Items from a dataset:

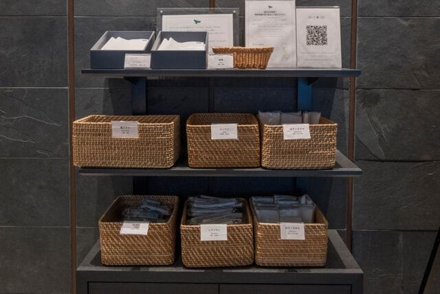 アメニティが用意された脱衣場。タオルは客室から持参します。
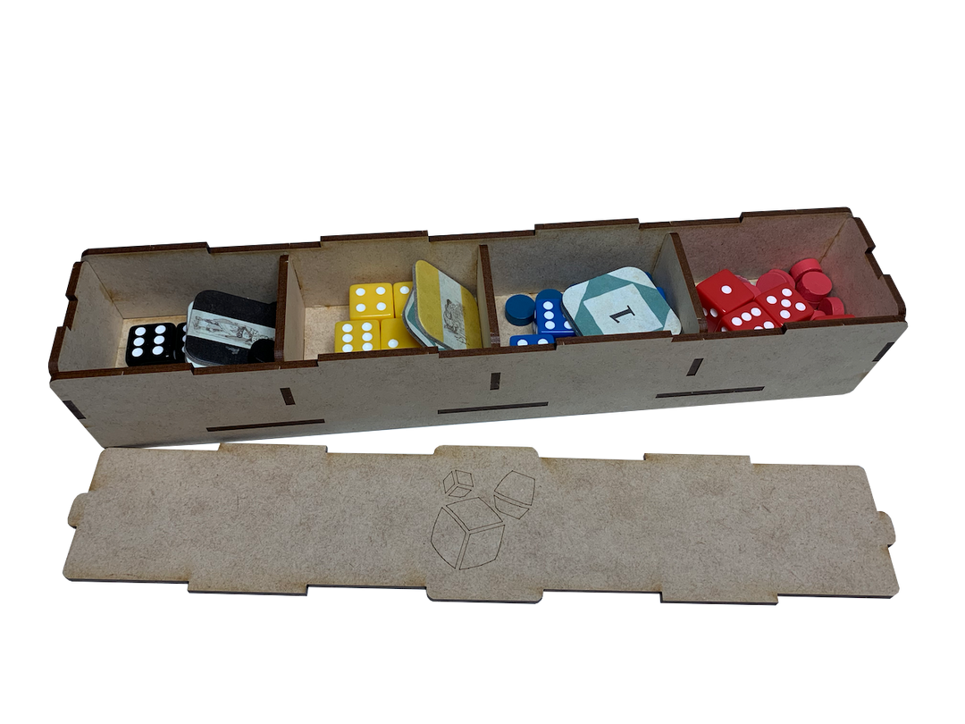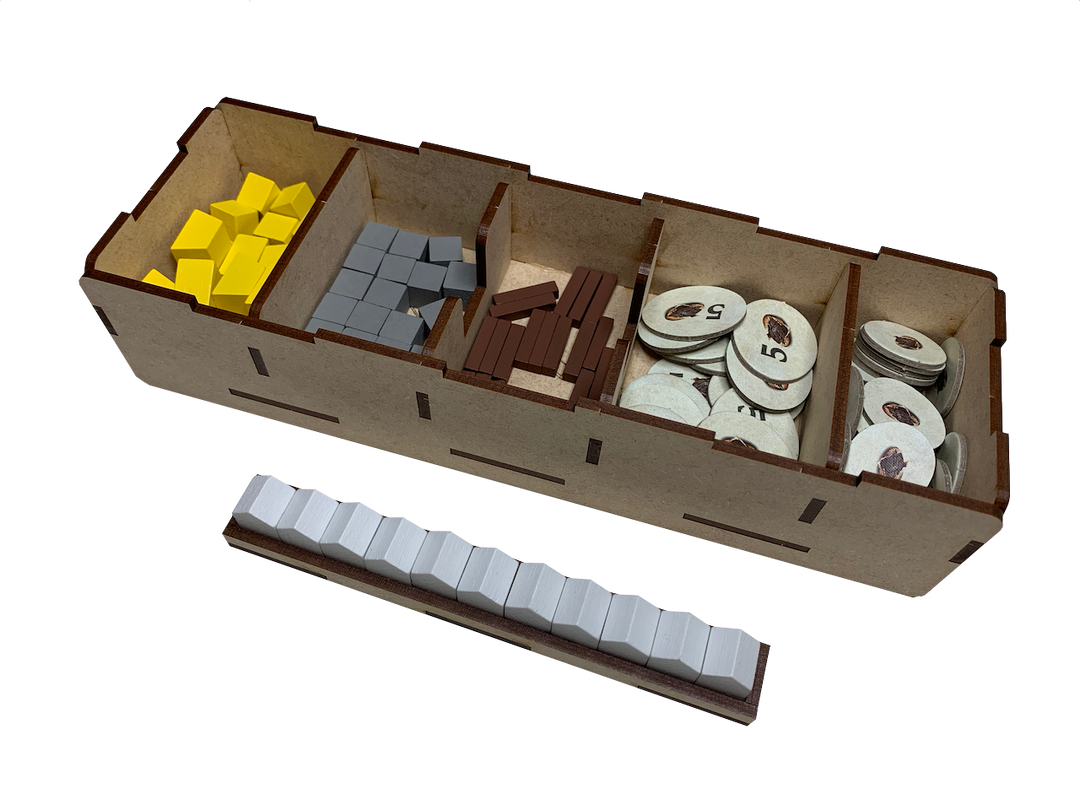 Our storage solution for Teotihuacan includes six (6) removable trays and is intended to be placed inside the publisher’s game box. Our solution provides storage for all base game components with room for growth.
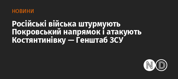 Російські війська найактивніше штурмують на Покровському та Костянтинівському напрямах, намагаються вклинюватися в оборону ЗСУ на Лиманському напрямі. Про це повідомляє Генштаб Збройних Сил України.
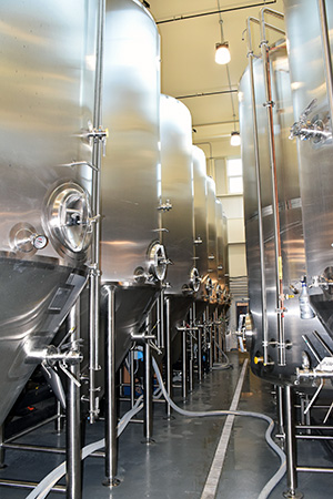 Above the canning line is a mezzanine area were brewing operations and an employee lounge are located.
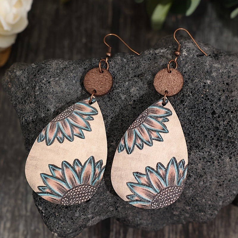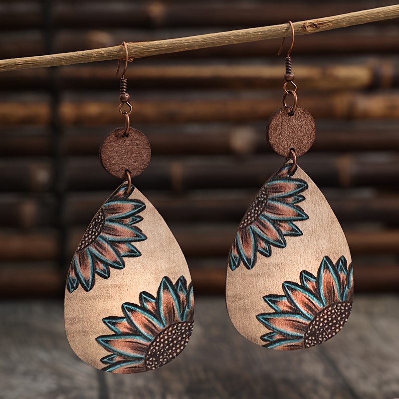 Droplet Sunflower Print Pendant Earrings Vintage Bohemian Wooden Jewelry Fashion Women's Earrings
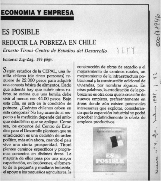 TIRONI, ERNESTO - ES POSIBLE REDUCIR LA POBREZA EN CHILE
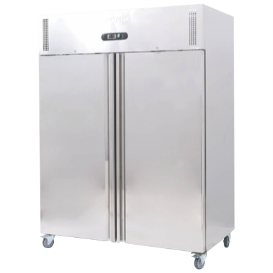 For the demanding needs of commercial kitchens our UC1300SD-NR 2-Door Gastronorm Stainless Steel Storage Fridge is the ultimate solution. Designed with a powerful fan-forced cooling system rest assured that your food will stay fresh for longer regardless of its placement within the fridge. The internal LED lighting illuminates every corner making it a breeze to find products even in low-light conditions. Enjoy the flexibility and convenience of 5 adjustable stainless steel rails and shelves perfectly suited for 2/1 Gastronorm trays. Plus enjoy reduced energy bills thanks to the fridge s solid stainless steel exterior and insulation on all sides and the use of natural refrigerant.
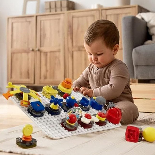 Cada elemento de la Pizarra Actividades Deluxe Set TopBright propone un reto diferente: desde cerraduras hasta una bocina para tocar, pasando por botones que presionar o girar. Hay mucho que agarrar, manipular y explorar, estimulando la curiosidad del niño.

- **Problem description**
The reply should hold the lines from the top of the records through the line containing "TIRONI, ERNESTO - ES", reproduced exactly, and no pictures.

- **Solution for this problem**
 アメニティが用意された脱衣場。タオルは客室から持参します。
 Our storage solution for Teotihuacan includes six (6) removable trays and is intended to be placed inside the publisher’s game box. Our solution provides storage for all base game components with room for growth.
 Російські війська найактивніше штурмують на Покровському та Костянтинівському напрямах, намагаються вклинюватися в оборону ЗСУ на Лиманському напрямі. Про це повідомляє Генштаб Збройних Сил України.
 Above the canning line is a mezzanine area were brewing operations and an employee lounge are located.
 Droplet Sunflower Print Pendant Earrings Vintage Bohemian Wooden Jewelry Fashion Women's Earrings
 TIRONI, ERNESTO - ES POSIBLE REDUCIR LA POBREZA EN CHILE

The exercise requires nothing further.